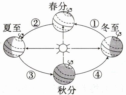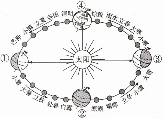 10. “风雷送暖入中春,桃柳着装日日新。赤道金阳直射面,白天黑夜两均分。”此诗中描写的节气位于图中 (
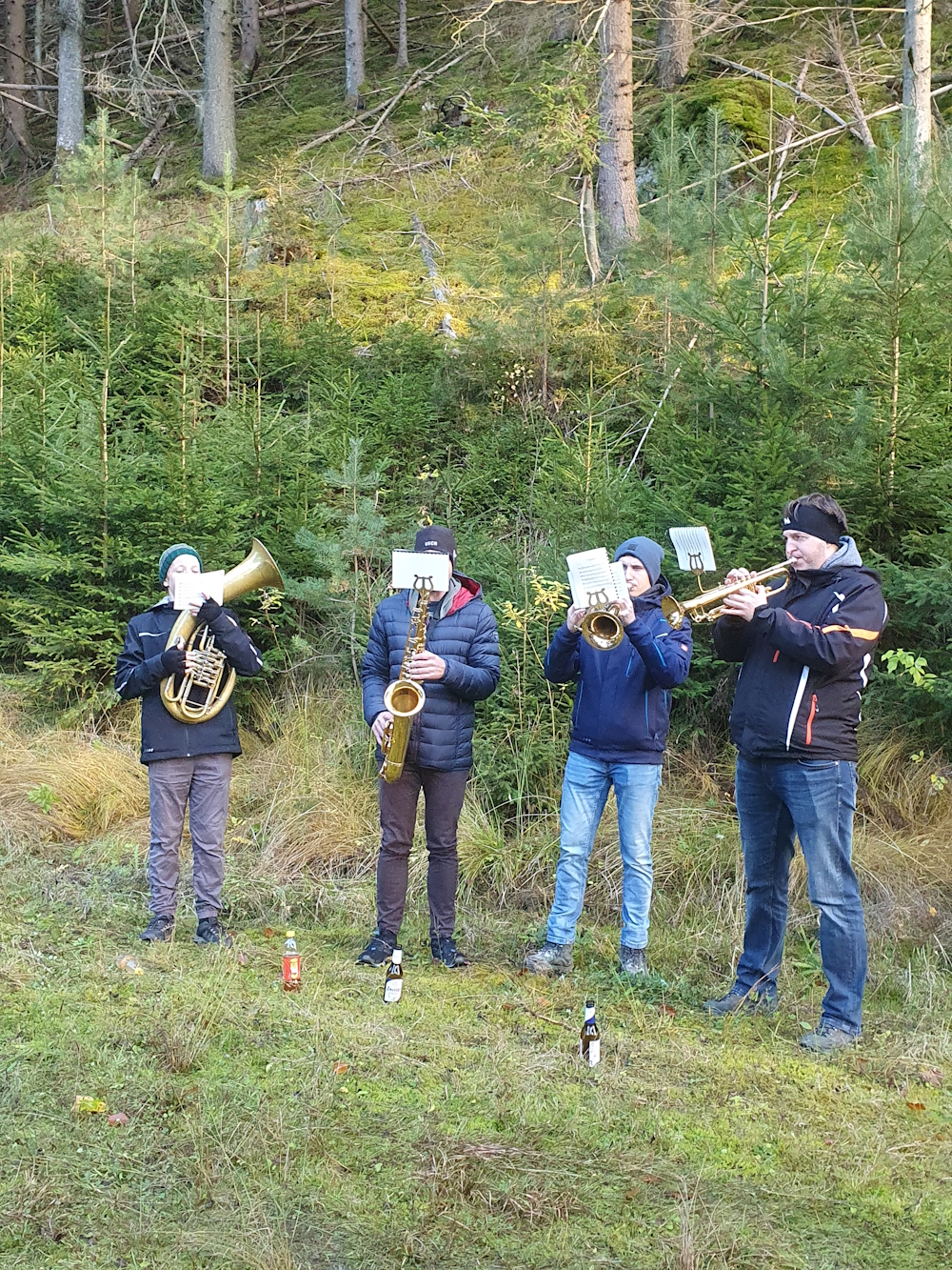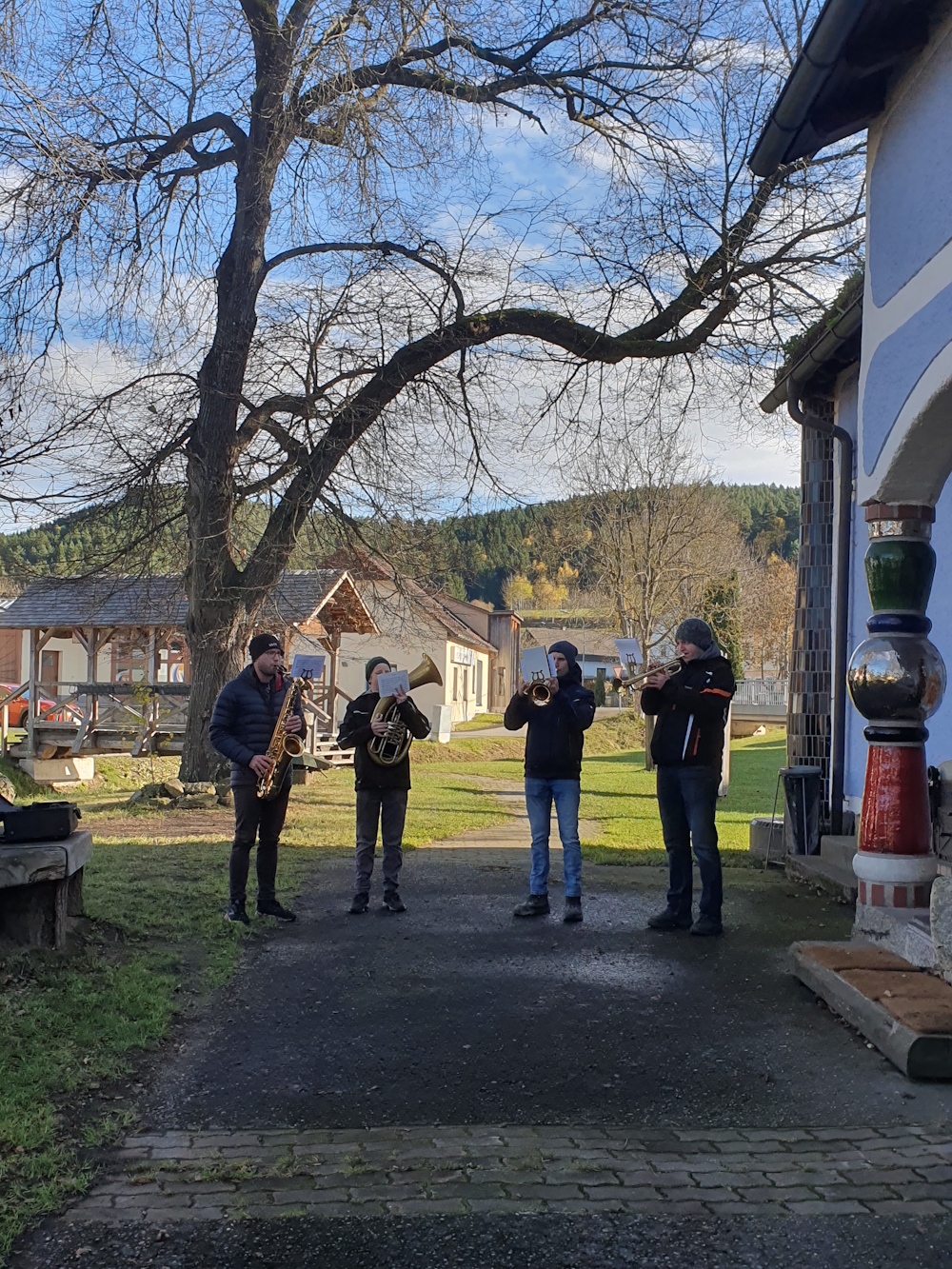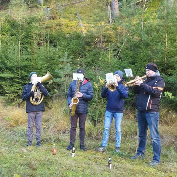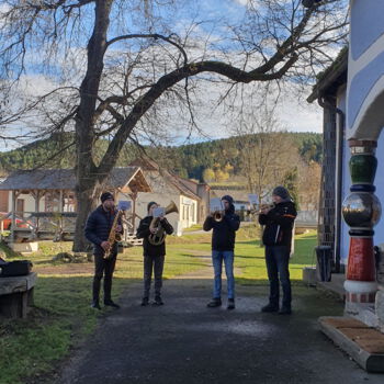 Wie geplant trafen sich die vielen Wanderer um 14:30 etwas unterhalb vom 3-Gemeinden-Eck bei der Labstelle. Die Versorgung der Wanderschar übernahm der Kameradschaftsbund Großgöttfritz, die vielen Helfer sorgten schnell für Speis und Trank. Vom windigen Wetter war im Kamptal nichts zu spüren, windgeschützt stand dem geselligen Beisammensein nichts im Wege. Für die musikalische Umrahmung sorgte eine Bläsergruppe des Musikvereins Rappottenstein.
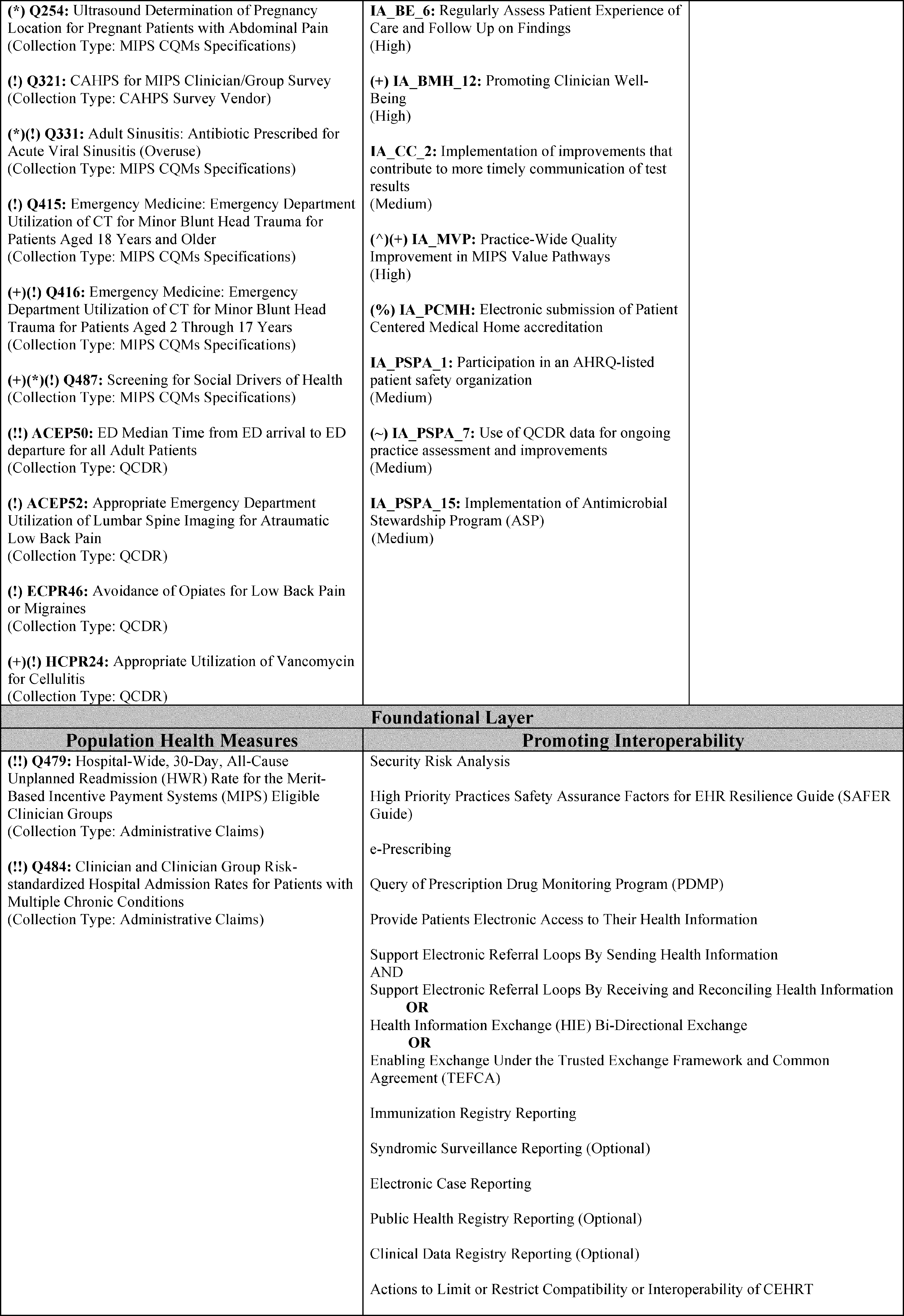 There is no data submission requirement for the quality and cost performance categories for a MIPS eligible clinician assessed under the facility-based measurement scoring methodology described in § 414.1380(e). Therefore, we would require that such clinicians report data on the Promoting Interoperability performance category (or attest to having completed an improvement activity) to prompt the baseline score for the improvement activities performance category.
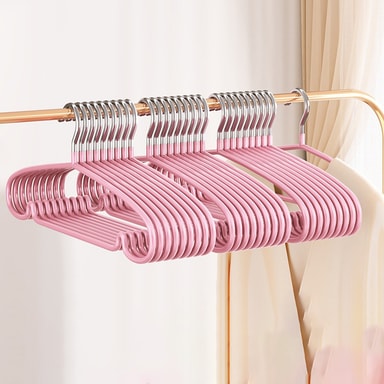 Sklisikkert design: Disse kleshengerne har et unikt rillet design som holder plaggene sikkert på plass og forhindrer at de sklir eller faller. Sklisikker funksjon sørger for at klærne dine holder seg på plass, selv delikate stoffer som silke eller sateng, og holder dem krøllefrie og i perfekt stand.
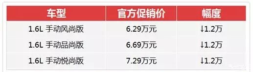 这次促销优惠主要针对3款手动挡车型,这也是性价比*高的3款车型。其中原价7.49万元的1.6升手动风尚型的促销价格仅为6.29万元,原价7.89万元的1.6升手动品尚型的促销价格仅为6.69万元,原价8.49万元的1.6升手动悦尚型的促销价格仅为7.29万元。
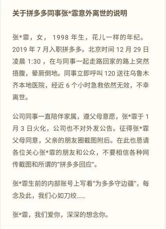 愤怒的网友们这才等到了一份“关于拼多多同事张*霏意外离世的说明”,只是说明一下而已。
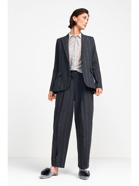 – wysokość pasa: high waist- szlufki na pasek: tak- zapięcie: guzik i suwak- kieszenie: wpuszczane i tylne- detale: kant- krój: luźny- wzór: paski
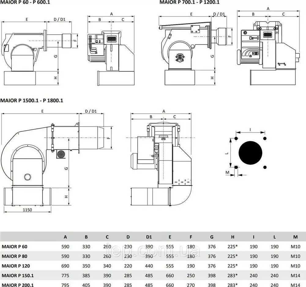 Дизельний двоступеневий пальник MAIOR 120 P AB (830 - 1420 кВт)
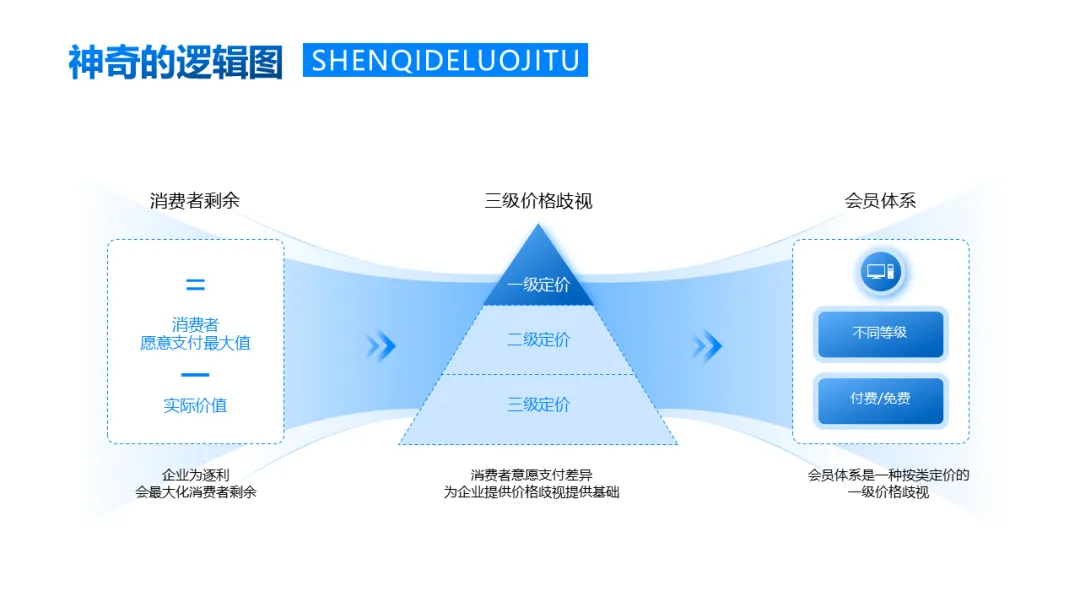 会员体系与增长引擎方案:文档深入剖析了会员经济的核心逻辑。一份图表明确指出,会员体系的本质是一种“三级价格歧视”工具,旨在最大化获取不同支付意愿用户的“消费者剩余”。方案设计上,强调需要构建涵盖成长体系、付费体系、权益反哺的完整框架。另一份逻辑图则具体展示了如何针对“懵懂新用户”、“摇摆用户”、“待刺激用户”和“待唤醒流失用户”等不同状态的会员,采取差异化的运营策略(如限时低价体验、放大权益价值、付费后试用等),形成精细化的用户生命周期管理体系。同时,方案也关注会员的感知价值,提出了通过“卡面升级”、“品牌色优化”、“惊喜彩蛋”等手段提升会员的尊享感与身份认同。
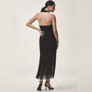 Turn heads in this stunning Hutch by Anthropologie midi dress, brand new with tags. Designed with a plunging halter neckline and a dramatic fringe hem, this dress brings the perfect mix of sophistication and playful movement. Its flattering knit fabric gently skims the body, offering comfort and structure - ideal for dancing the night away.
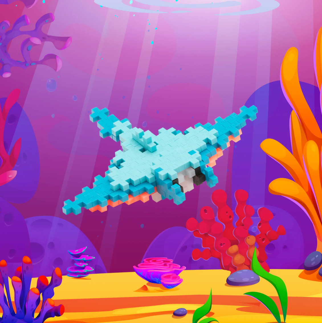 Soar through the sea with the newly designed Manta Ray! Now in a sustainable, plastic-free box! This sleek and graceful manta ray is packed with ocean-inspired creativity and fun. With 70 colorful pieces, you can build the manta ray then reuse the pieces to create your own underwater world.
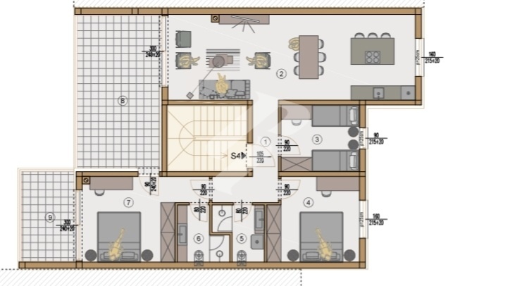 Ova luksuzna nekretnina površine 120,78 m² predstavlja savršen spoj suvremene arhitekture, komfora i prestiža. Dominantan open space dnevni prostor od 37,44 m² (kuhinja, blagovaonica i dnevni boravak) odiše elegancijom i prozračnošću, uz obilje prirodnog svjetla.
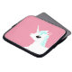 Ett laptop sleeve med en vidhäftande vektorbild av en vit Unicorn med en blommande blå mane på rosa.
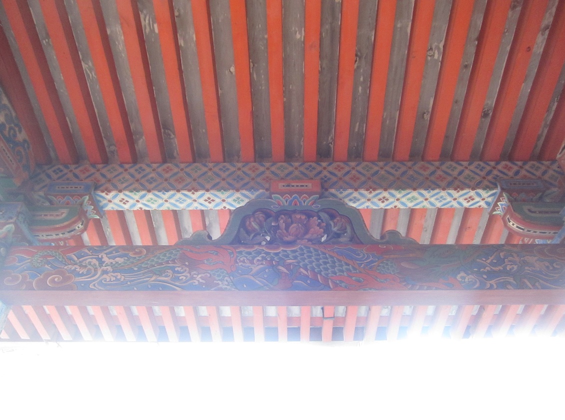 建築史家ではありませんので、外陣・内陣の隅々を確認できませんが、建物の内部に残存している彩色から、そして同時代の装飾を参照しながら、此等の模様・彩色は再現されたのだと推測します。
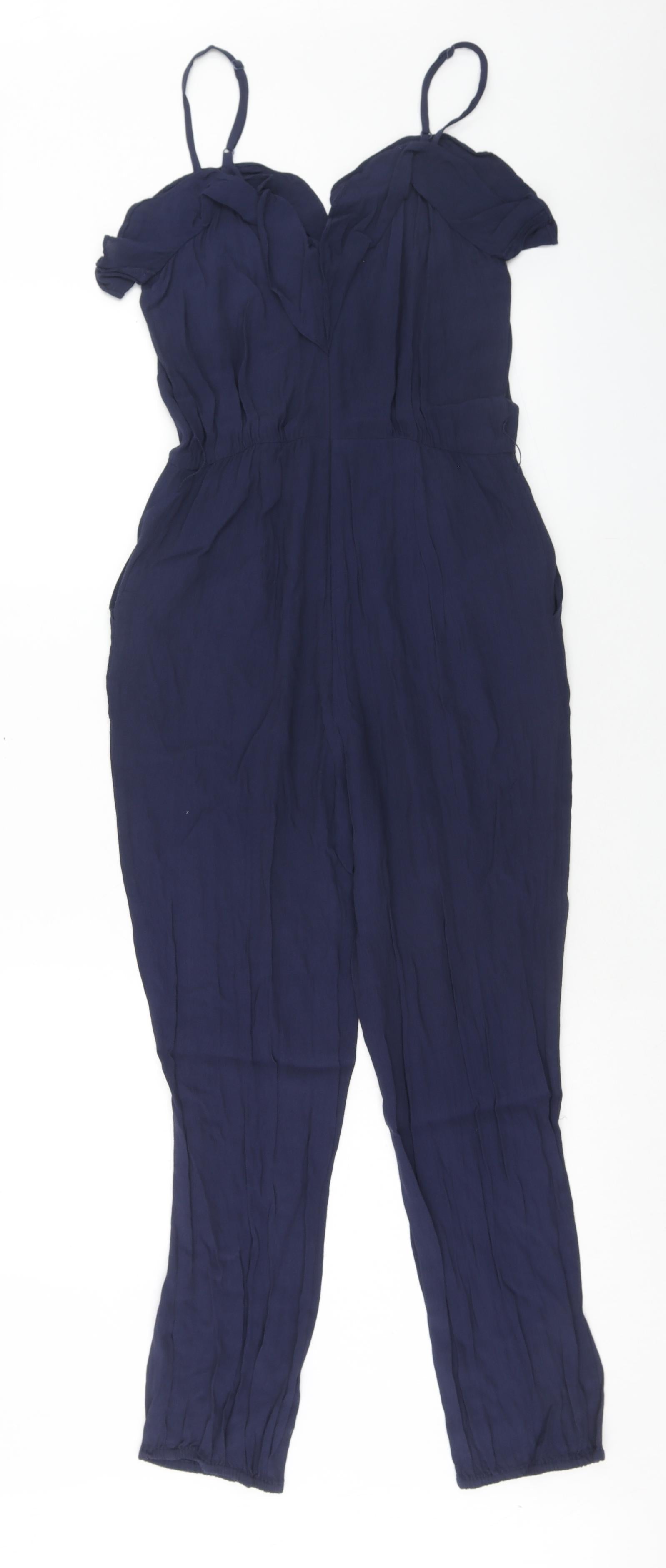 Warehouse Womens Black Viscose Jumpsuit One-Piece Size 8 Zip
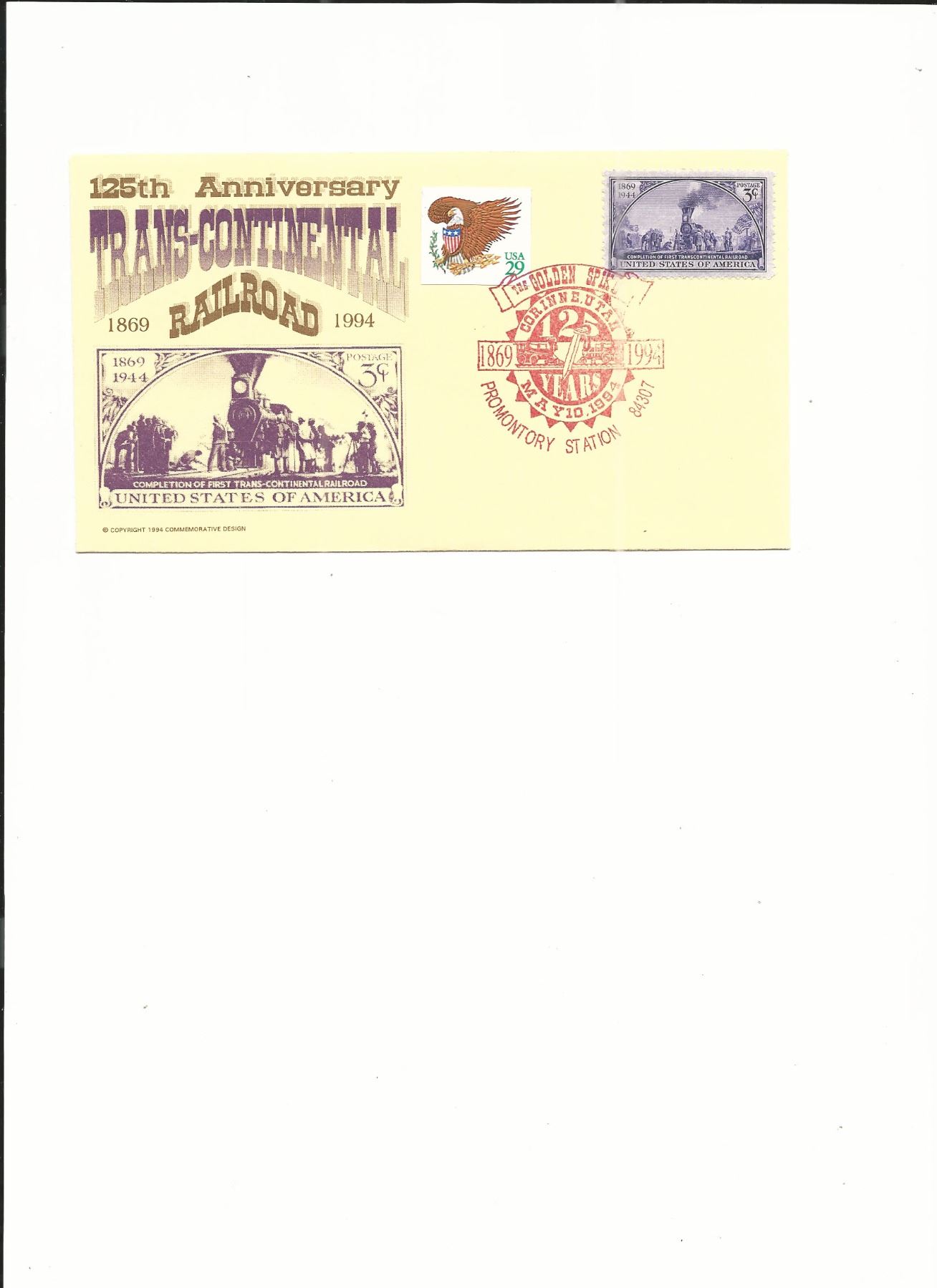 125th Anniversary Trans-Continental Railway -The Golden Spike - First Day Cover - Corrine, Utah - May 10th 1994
※
TASK TO COMPLETE:
All of the data gets printed again exactly; the pictures do not.

TASK OUTPUT:
 10. “风雷送暖入中春,桃柳着装日日新。赤道金阳直射面,白天黑夜两均分。”此诗中描写的节气位于图中 (
 Wie geplant trafen sich die vielen Wanderer um 14:30 etwas unterhalb vom 3-Gemeinden-Eck bei der Labstelle. Die Versorgung der Wanderschar übernahm der Kameradschaftsbund Großgöttfritz, die vielen Helfer sorgten schnell für Speis und Trank. Vom windigen Wetter war im Kamptal nichts zu spüren, windgeschützt stand dem geselligen Beisammensein nichts im Wege. Für die musikalische Umrahmung sorgte eine Bläsergruppe des Musikvereins Rappottenstein.
 There is no data submission requirement for the quality and cost performance categories for a MIPS eligible clinician assessed under the facility-based measurement scoring methodology described in § 414.1380(e). Therefore, we would require that such clinicians report data on the Promoting Interoperability performance category (or attest to having completed an improvement activity) to prompt the baseline score for the improvement activities performance category.
 Sklisikkert design: Disse kleshengerne har et unikt rillet design som holder plaggene sikkert på plass og forhindrer at de sklir eller faller. Sklisikker funksjon sørger for at klærne dine holder seg på plass, selv delikate stoffer som silke eller sateng, og holder dem krøllefrie og i perfekt stand.
 这次促销优惠主要针对3款手动挡车型,这也是性价比*高的3款车型。其中原价7.49万元的1.6升手动风尚型的促销价格仅为6.29万元,原价7.89万元的1.6升手动品尚型的促销价格仅为6.69万元,原价8.49万元的1.6升手动悦尚型的促销价格仅为7.29万元。
 愤怒的网友们这才等到了一份“关于拼多多同事张*霏意外离世的说明”,只是说明一下而已。
 – wysokość pasa: high waist- szlufki na pasek: tak- zapięcie: guzik i suwak- kieszenie: wpuszczane i tylne- detale: kant- krój: luźny- wzór: paski
 Дизельний двоступеневий пальник MAIOR 120 P AB (830 - 1420 кВт)
 会员体系与增长引擎方案:文档深入剖析了会员经济的核心逻辑。一份图表明确指出,会员体系的本质是一种“三级价格歧视”工具,旨在最大化获取不同支付意愿用户的“消费者剩余”。方案设计上,强调需要构建涵盖成长体系、付费体系、权益反哺的完整框架。另一份逻辑图则具体展示了如何针对“懵懂新用户”、“摇摆用户”、“待刺激用户”和“待唤醒流失用户”等不同状态的会员,采取差异化的运营策略(如限时低价体验、放大权益价值、付费后试用等),形成精细化的用户生命周期管理体系。同时,方案也关注会员的感知价值,提出了通过“卡面升级”、“品牌色优化”、“惊喜彩蛋”等手段提升会员的尊享感与身份认同。
 Turn heads in this stunning Hutch by Anthropologie midi dress, brand new with tags. Designed with a plunging halter neckline and a dramatic fringe hem, this dress brings the perfect mix of sophistication and playful movement. Its flattering knit fabric gently skims the body, offering comfort and structure - ideal for dancing the night away.
 Soar through the sea with the newly designed Manta Ray! Now in a sustainable, plastic-free box! This sleek and graceful manta ray is packed with ocean-inspired creativity and fun. With 70 colorful pieces, you can build the manta ray then reuse the pieces to create your own underwater world.
 Ova luksuzna nekretnina površine 120,78 m² predstavlja savršen spoj suvremene arhitekture, komfora i prestiža. Dominantan open space dnevni prostor od 37,44 m² (kuhinja, blagovaonica i dnevni boravak) odiše elegancijom i prozračnošću, uz obilje prirodnog svjetla.
 Ett laptop sleeve med en vidhäftande vektorbild av en vit Unicorn med en blommande blå mane på rosa.
 建築史家ではありませんので、外陣・内陣の隅々を確認できませんが、建物の内部に残存している彩色から、そして同時代の装飾を参照しながら、此等の模様・彩色は再現されたのだと推測します。
 Warehouse Womens Black Viscose Jumpsuit One-Piece Size 8 Zip
 125th Anniversary Trans-Continental Railway -The Golden Spike - First Day Cover - Corrine, Utah - May 10th 1994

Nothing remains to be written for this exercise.